- **What you need to do**: A faithful copy of the entries is needed, one that leaves out the pictures.

[Saved data entries]
____

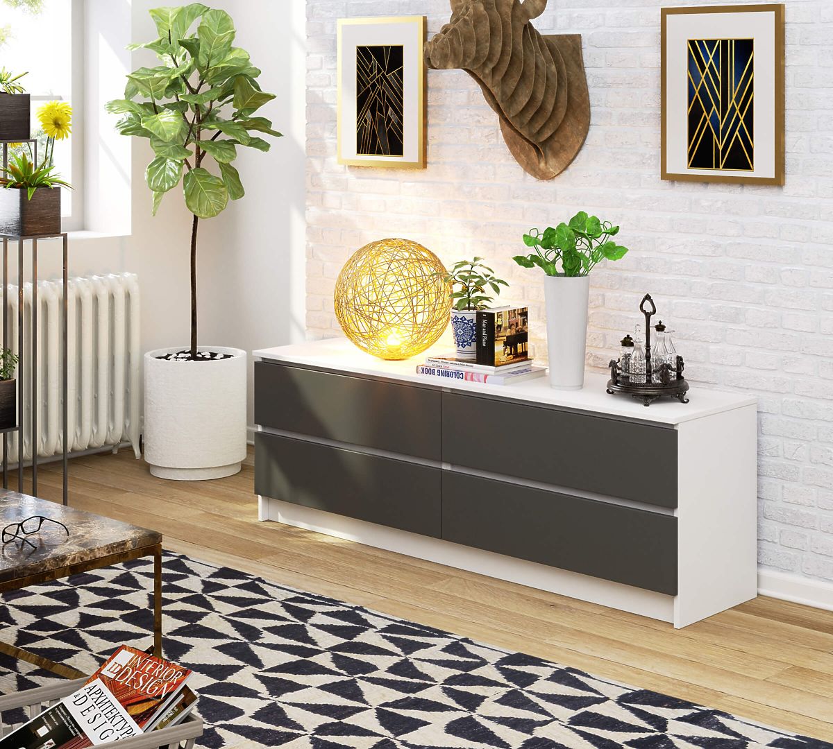 Komoda s 4 zásuvkami a matným šedým čelem. .. více
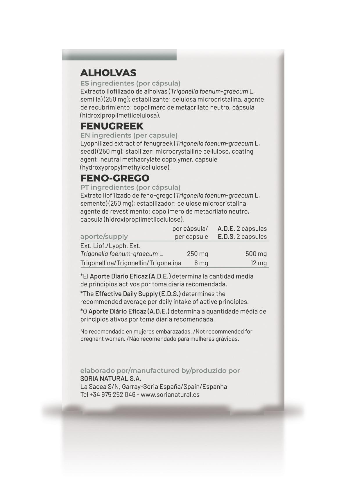 (por cápsula) extracto liofilizado de alholvas (Trigonella foenum-graecum L.) (semilla) (250 mg), estabilizante: celulosa microcristalina, agente de recubrimiento: copolímero de metacrilato neutro, cápsula (hidoxipropilmetilcelulosa).
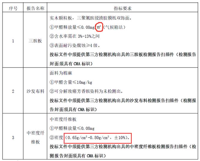 事实及法律依据: GB/T表示为推荐性标准,而GB则为必须执行的强制性标准。GB国家标准是指由国家标准化主管机构批准发布,对全国经济、技术发展有重大意义,且在全国范围内统一的标准。GB/T推荐性国标是指生产、交换、使用等方面,通过经济手段调节而自愿采用的一类标准,又称自愿标准。这类标准任何单位都有权决定是否采用,违反这类标准,不承担经济或法律方面的责任。从以上可以看出,GB标准优于GB/T标准。 检测报告属于企业自愿性检测,国家没有强制要求检测报告必须为某一种检测标准,所以检测标准每家会有所不同。油漆的国家标准是GB 18581-2009,GB/T 23997-2009只是推荐标准。同一类产品有很多检测标准,GB或GB/T 均应予以认可。 修改建议:(2)符合GB 18581-2009或GB/T 23997-2009标准的油漆检测报告。 (1)、(3)、(4)项提供国GB或GB/T 标准的检测报告均予以认可。 答:(2)符合GB 18581-2009或GB/T 23997-2009标准的油漆检测报告均可,其他按照招标文件执行。 2. 招标文件 第60 页,三胺板和中密度纤维板的甲醛释放量单位mg/m2有误,是否可以调整为mg/m3?中密度纤维板的密度单位g/cm2有误,是否可以调整为g/cm3? 事实及法律依据:按照气候箱法,甲醛释放量的单位为mg/m3;中密度纤维板的密度单位为g/cm3 修改建议:
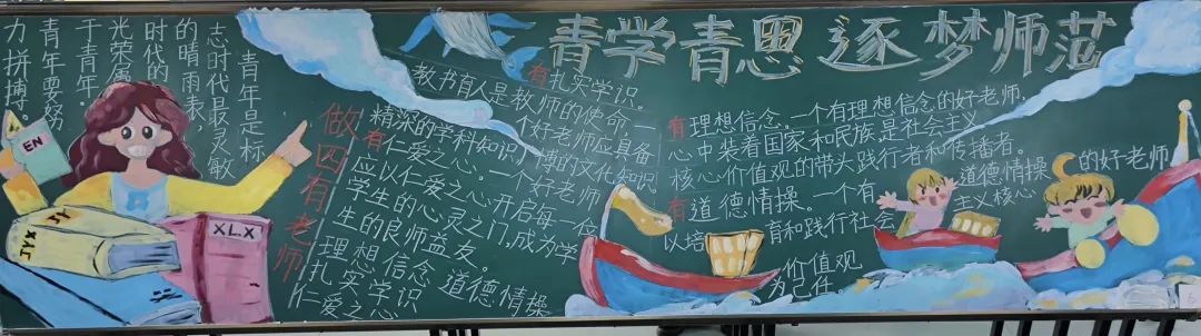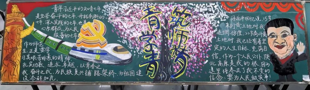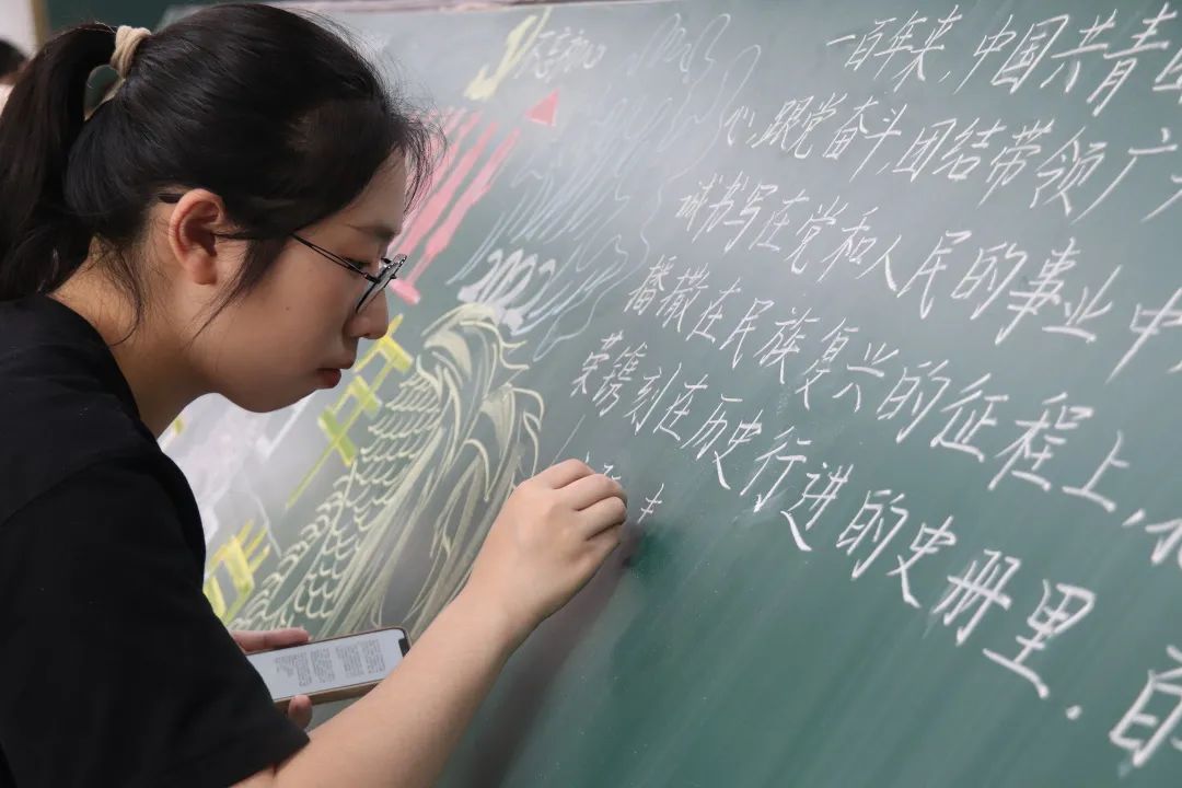 学生会于近日举行“青学青思正当时,卓越师范筑梦行”黑板报大赛。青年者,国家之魂。30组选手用各色颜料回望百年,用洁白粉笔书写团史,绘出属于师范生的生气、闯劲与青春力量。
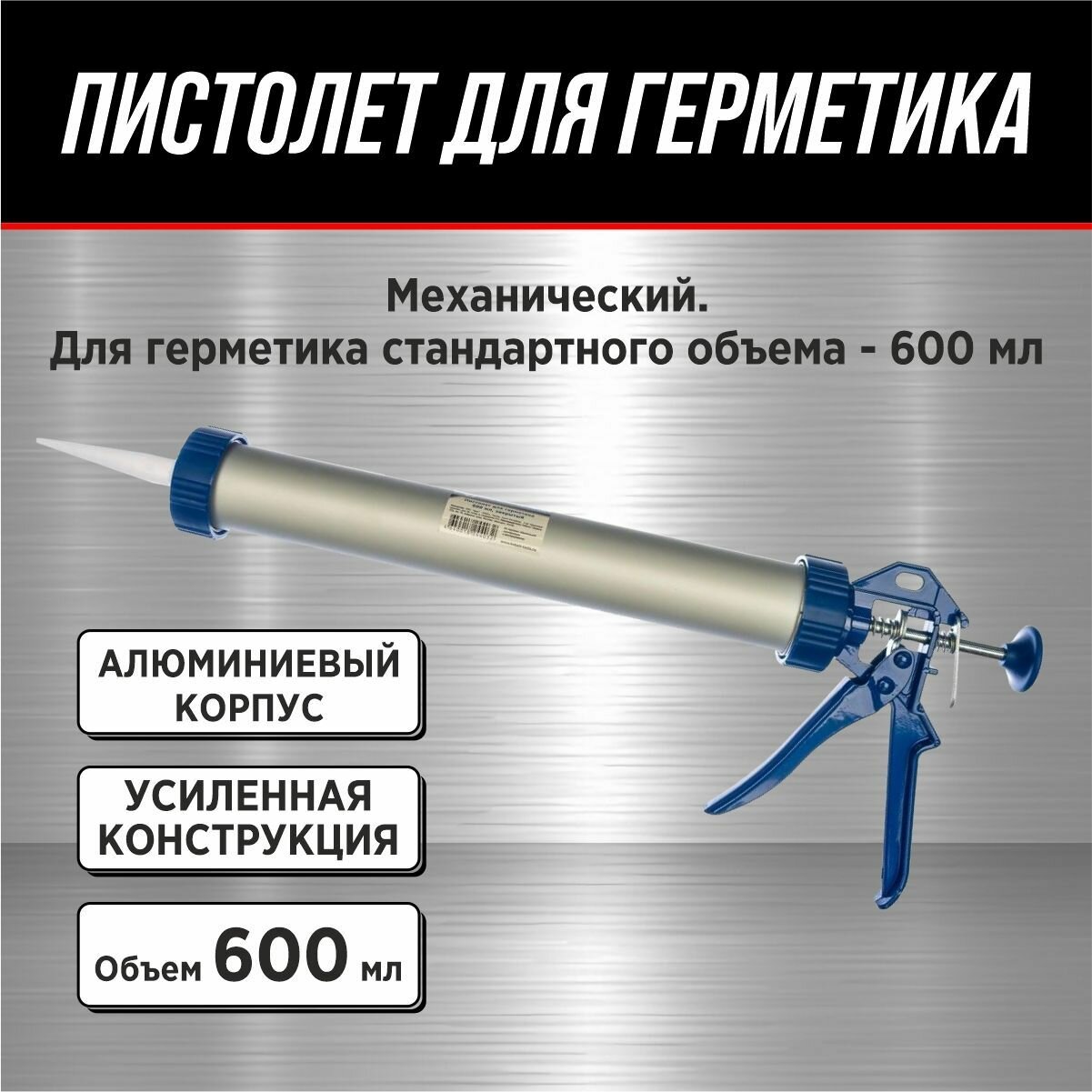Пистолет для герметика металлический корпус туба 600мл информация:

____

- **Response box**:
 Komoda s 4 zásuvkami a matným šedým čelem. .. více
 (por cápsula) extracto liofilizado de alholvas (Trigonella foenum-graecum L.) (semilla) (250 mg), estabilizante: celulosa microcristalina, agente de recubrimiento: copolímero de metacrilato neutro, cápsula (hidoxipropilmetilcelulosa).
 事实及法律依据: GB/T表示为推荐性标准,而GB则为必须执行的强制性标准。GB国家标准是指由国家标准化主管机构批准发布,对全国经济、技术发展有重大意义,且在全国范围内统一的标准。GB/T推荐性国标是指生产、交换、使用等方面,通过经济手段调节而自愿采用的一类标准,又称自愿标准。这类标准任何单位都有权决定是否采用,违反这类标准,不承担经济或法律方面的责任。从以上可以看出,GB标准优于GB/T标准。 检测报告属于企业自愿性检测,国家没有强制要求检测报告必须为某一种检测标准,所以检测标准每家会有所不同。油漆的国家标准是GB 18581-2009,GB/T 23997-2009只是推荐标准。同一类产品有很多检测标准,GB或GB/T 均应予以认可。 修改建议:(2)符合GB 18581-2009或GB/T 23997-2009标准的油漆检测报告。 (1)、(3)、(4)项提供国GB或GB/T 标准的检测报告均予以认可。 答:(2)符合GB 18581-2009或GB/T 23997-2009标准的油漆检测报告均可,其他按照招标文件执行。 2. 招标文件 第60 页,三胺板和中密度纤维板的甲醛释放量单位mg/m2有误,是否可以调整为mg/m3?中密度纤维板的密度单位g/cm2有误,是否可以调整为g/cm3? 事实及法律依据:按照气候箱法,甲醛释放量的单位为mg/m3;中密度纤维板的密度单位为g/cm3 修改建议:
 学生会于近日举行“青学青思正当时,卓越师范筑梦行”黑板报大赛。青年者,国家之魂。30组选手用各色颜料回望百年,用洁白粉笔书写团史,绘出属于师范生的生气、闯劲与青春力量。
Пистолет для герметика металлический корпус туба 600мл информация:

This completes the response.